Across several extraction time points, both algae exhibited a comparable response, characterised by the presence of characteristic peaks in their spectra. However, beyond the 12 h mark, a decrease in noise is observed in the anomeric region (below 800 cm−1) (Figure 2(A1,B1)). When comparing two or more samples, lower noise indicates better spectral quality and higher purity. In this case, the samples past the 12 h mark of acid treatment become more like the commercially available ones. Additionally, a distinct peak around 1400 cm−1, associated with C–OH deformation, was more prominent in S. polyschides compared to S. muticum. These changes could be due to differences in composition, molecular weight (as a higher peak at 1400 cm−1 may signify a broader range of molecular weights), or degree of polymerisation [40,41,42].

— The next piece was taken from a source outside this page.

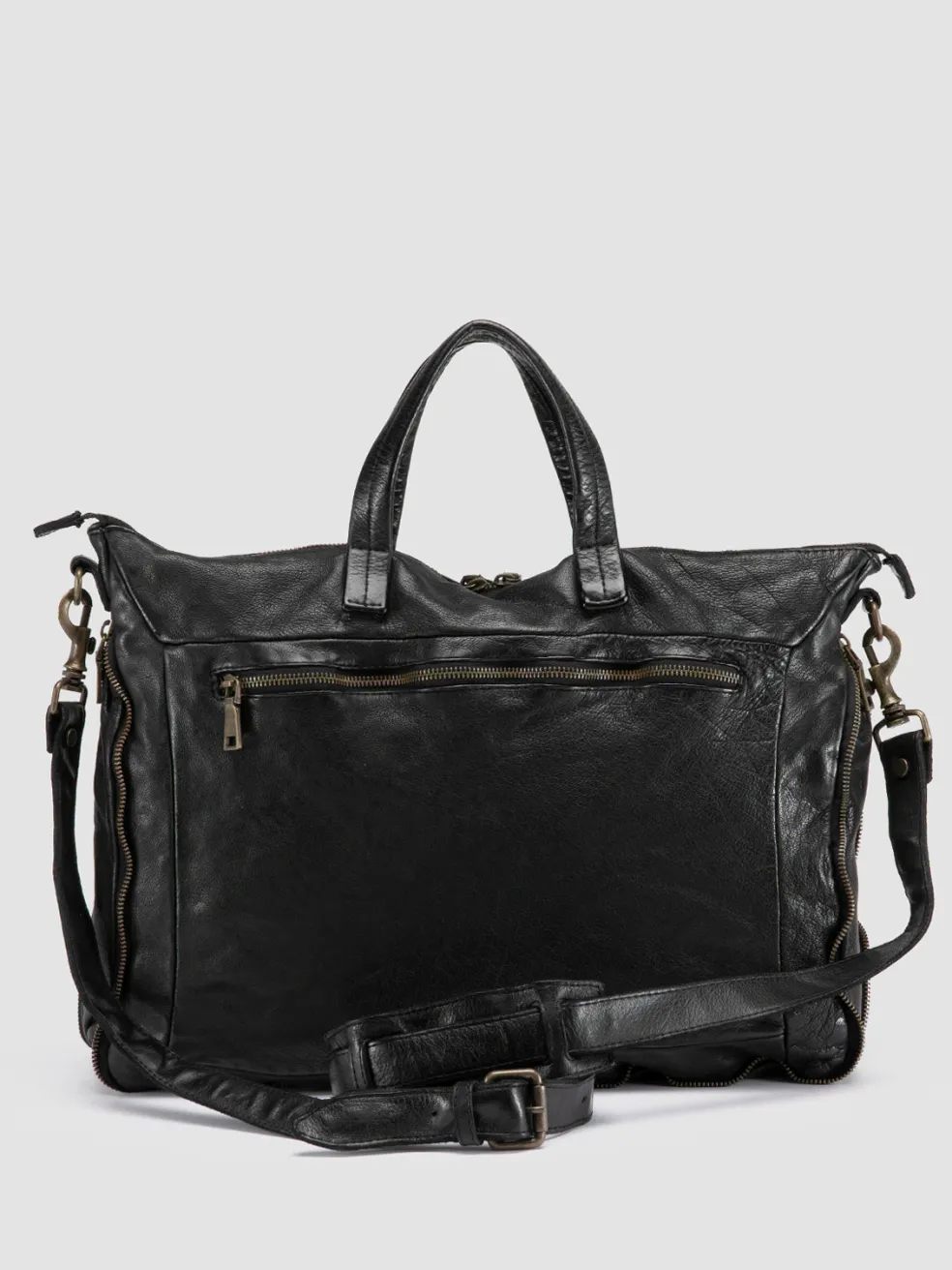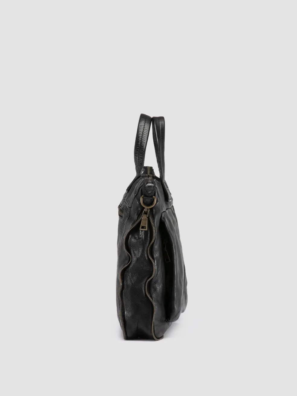 Perfect for carrying documents in style, the Helmet 046 briefcase is handmade in Italy from supple black leather. It features a minimalist, functional design with multiple compartments, top handles and a detachable strap.

Although no significant difference is seen when different temperatures are applied for S. muticum (Figure 2(B2)), this alga loses some of the anomeric noise when acid treatment times longer than 24 h are used. S. polyschides is seen to lose the unspecific noise upwards of 20 °C and 12 h (Figure 2(A2)).

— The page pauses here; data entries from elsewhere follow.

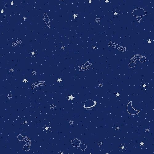 Papel de Parede Infantil espaço azul escuro FOFURA BABY DA EDANTEX - Coleção de Papel de Parede Fofura Baby é uma explosão de temas infantis, repleto de estampas que irá deixar o quarto dos pequenos (as) como eles, uma fofura!DESCRIÇÃO DO MATERIAL:Rolo com 10 x0,53 mts,Cobre em média 4 m , Estampa limpável,Boa resistência a luz solar,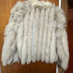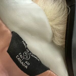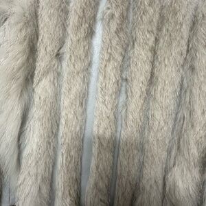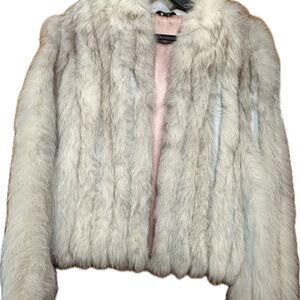 Absolutely stunning! Stay warm and stylish with this elegant cream fur coat. Perfect for any occasion, this jacket adds a touch of luxury to your wardrobe. The coat features a smooth, pink or blush-colored satin lining and light cream/blue leather underneath fur. Measurements in photos. Original Owner. Made in Canada.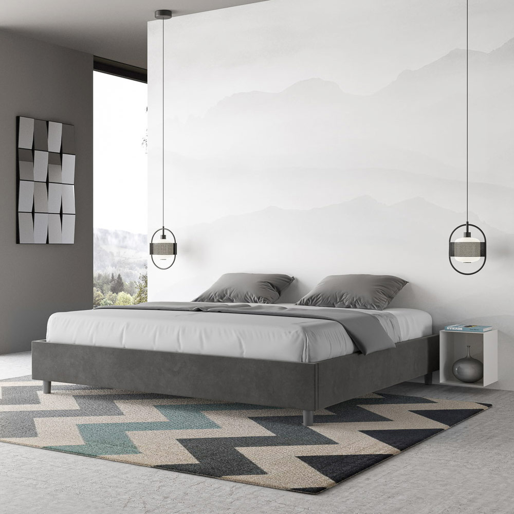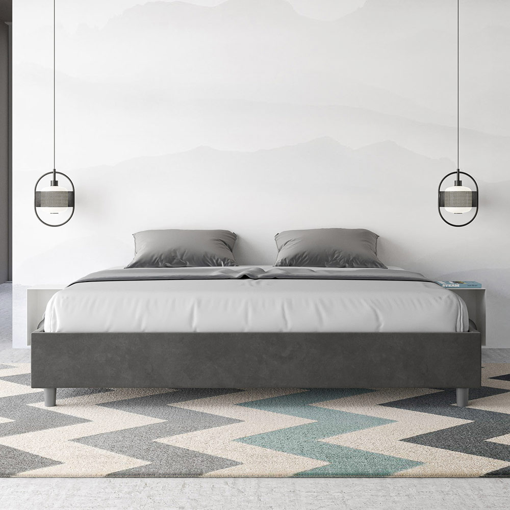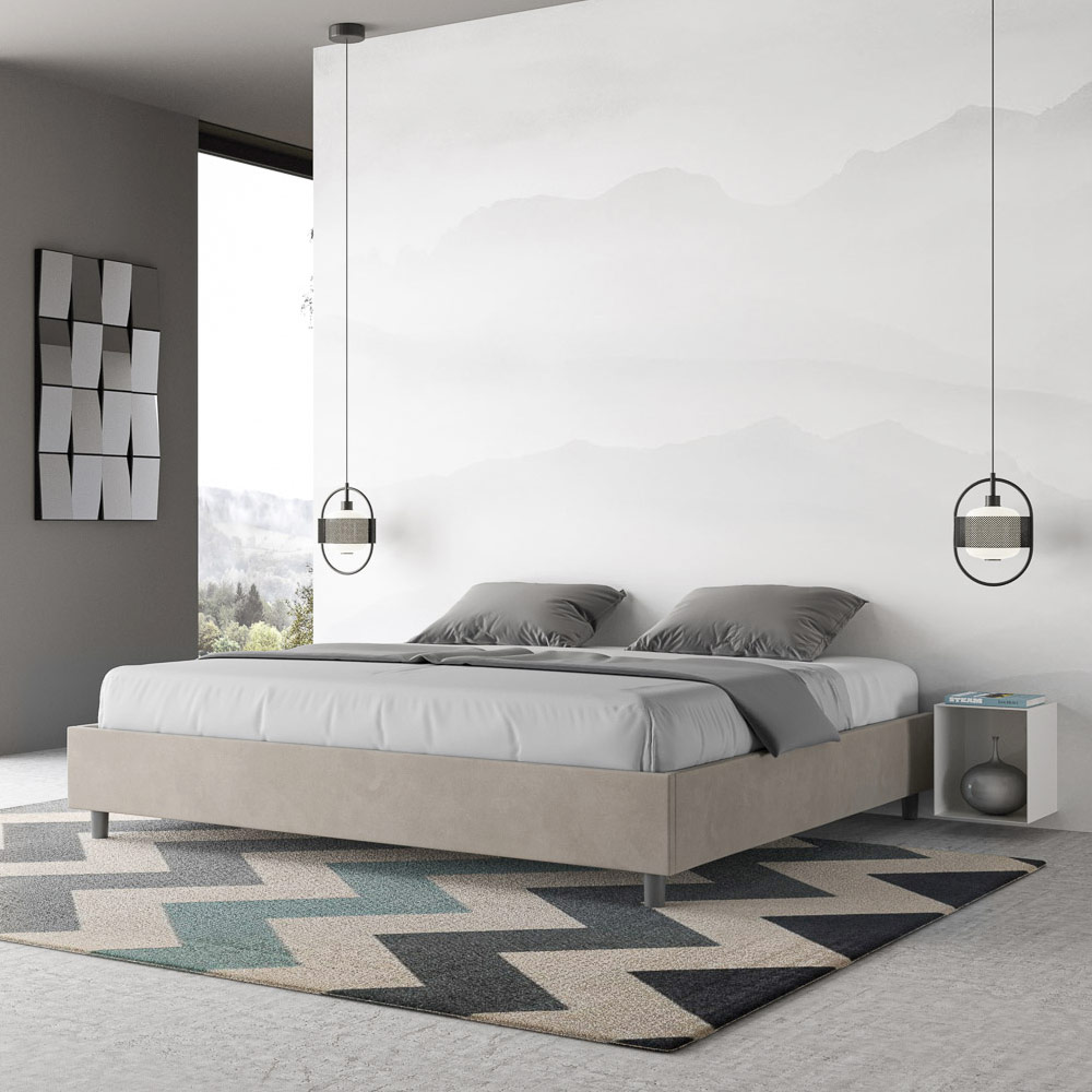 King size bed 180x200 cm padded made of melamine panels and covered in microfibre , entirely Made in Italy. This king-size bed stands out for its clean, minimalist design . Its understated aesthetic and versatility make it easy to integrate into any setting. One of its defining features is the absence of a traditional headboard , making it ideal for placement in unique spaces, such as under a window, in an attic, or near a decorative wall, without obstructing the view or achieving the desired effect.

2.2.5. Simultaneous Thermal Analysis (STA)

To evaluate the thermal stability and overall thermal behaviour of the polymer, STA was performed over a temperature range from 30 °C to 900 °C. By comparing the obtained results with literature reviews and commercially available standards, it was possible to gain insights into the polymer’s purity. The data from the STA were further analysed separately using thermogravimetric analysis (TGA) for thermal degradation and differential scanning calorimetry (DSC) for detailed thermal behaviour.
The thermal behaviour of commercial, S. polyschides, and S. muticum SA was studied through TGA under nitrogen atmosphere, and the relevant degradation temperatures were calculated from the data represented in Figure 3. The TGA curves show the mass loss of the samples throughout their thermal degradation. The results allowed for the identification of three separate thermal events. At the beginning of thermal degradation (T1), a loss of mass was observed, which could be attributed to moisture or coordination water, corresponding to a loss of around 10–15% of the sample’s mass. The second thermal event (T2) happened between 230 °C and 260 °C, with an associated mass loss of 30–40%, which was attributed to the decrosslinking of the polymer networks. The third thermal event (T3) occurred between 760 °C and 900 °C and corresponded to degradation and carbonisation of the remaining residue, leading to the formation of char [43,44].

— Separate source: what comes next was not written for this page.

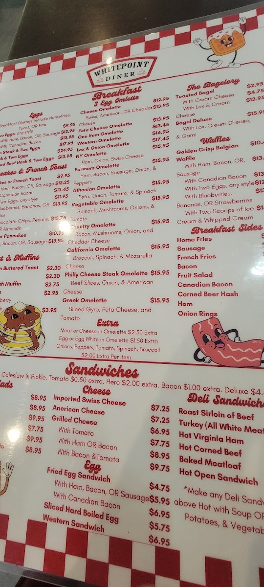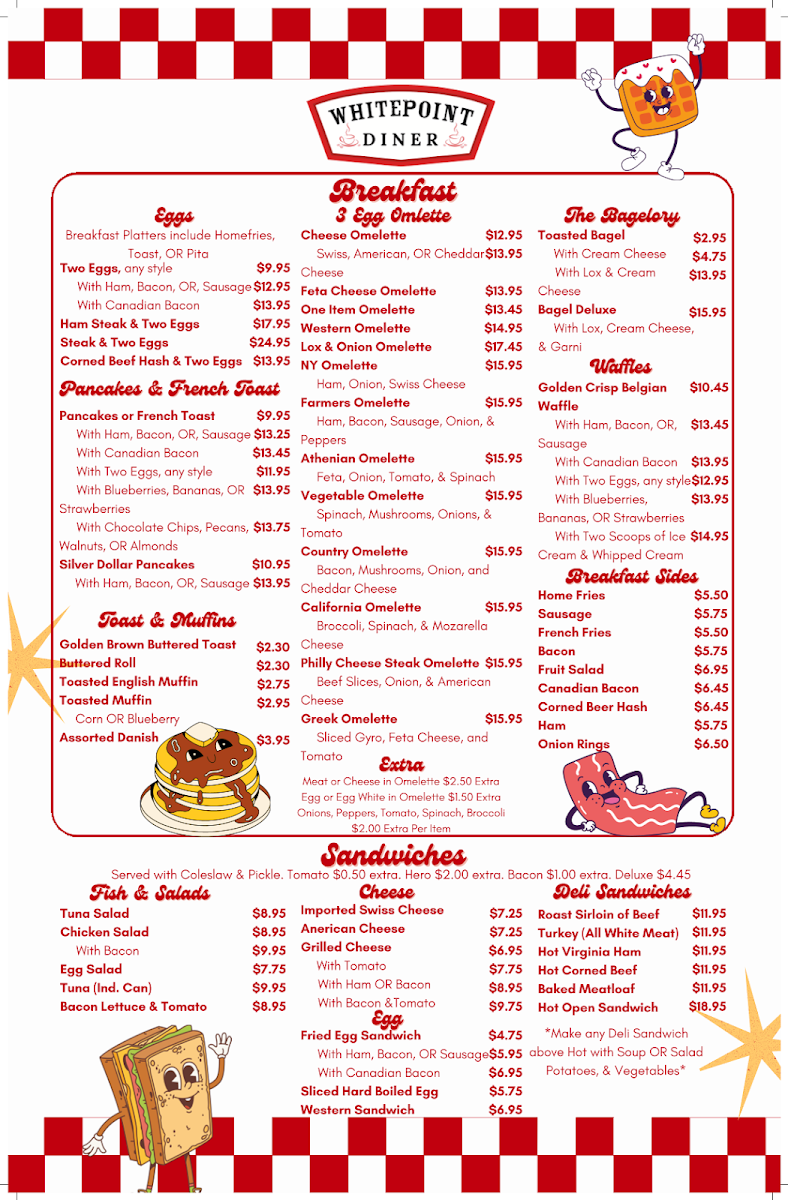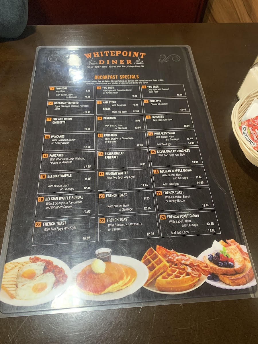 Choice of ham, bacon, sausage or Canadian bacon (extra charge).

Figure 3. TGA thermograms of S. polyschides SA, S. muticum SA, and commercial SA. The results are expressed as a percentage of weight loss per temperature. T1, T2, and T3 correspond to the main thermal events observed during the degradation process, namely the initial moisture release (T1), the decomposition of organic constituents (T2), and the final degradation of more thermally stable fractions (T3).
Table 6 presents the temperatures of initial degradation (T onset) and the peak and maximum temperature degradation (T max) for all thermal events recorded in the thermograms. The T onset, peak, and T max for all the samples were similar, which indicates a high purity of the samples [40,44,45]. SA has a degradation temperature around 210 °C, which corresponds to the onset temperature calculated for the second thermal event, for all samples [41]. According to the literature, these degradation stages could correspond to SA thermal dehydration, followed by the formation and degradation of Na2CO3, respectively [42].
Table 6. Thermal events of SA samples measured by STA.
The temperature at which 50% weight loss occurred was also found to be about 730–770 °C, as described in the literature [39]. Moreover, the glass transition temperature (Tg) is a key performance indicator, as it defines the flexibility and mobility of the chain segmental motion [46]. The Tg and melting temperature (Tm) of the biopolymer electrolyte membrane are obtained by performing DSC analysis; however, SA is an amorphous polymer with an irregular structure and does not crystallise [47].
The thermal properties of SA were evaluated considering the temperature range of 30–900 °C; however, since there was no thermal event that occurred above 300 °C, the DSC thermogram was presented in the range between 30 and 300 °C (Figure 4). The Tg of all SA samples were represented by an endothermic peak at around 70–80 °C (69 °C for S. polyschides, 75 °C for S. muticum, and 76 °C for commercial). The endothermic peaks are correlated with the loss of water associated with the hydrophilic groups of alginates [47]. SA contains hydroxyl and carboxylate groups, which form very strong inter- and intramolecular hydrogen bonding and show a wide transition, as seen by a broader peak presented in Figure 4 [45]. Around 240–250 °C, SA shows a very weak and small melting peak. These exothermic peaks resulted from degradation due to dehydration and depolymerisation reactions, most probably due to the partial decarboxylation of the protonated carboxylic groups, CO2 elimination, and chain scission. These peaks are also correlated with the thermal events seen in TGA [38,48,49]. In this study, the differences in peaks between algae can be due to the different compositions, water content, and molecular weight of the extracted SA [50].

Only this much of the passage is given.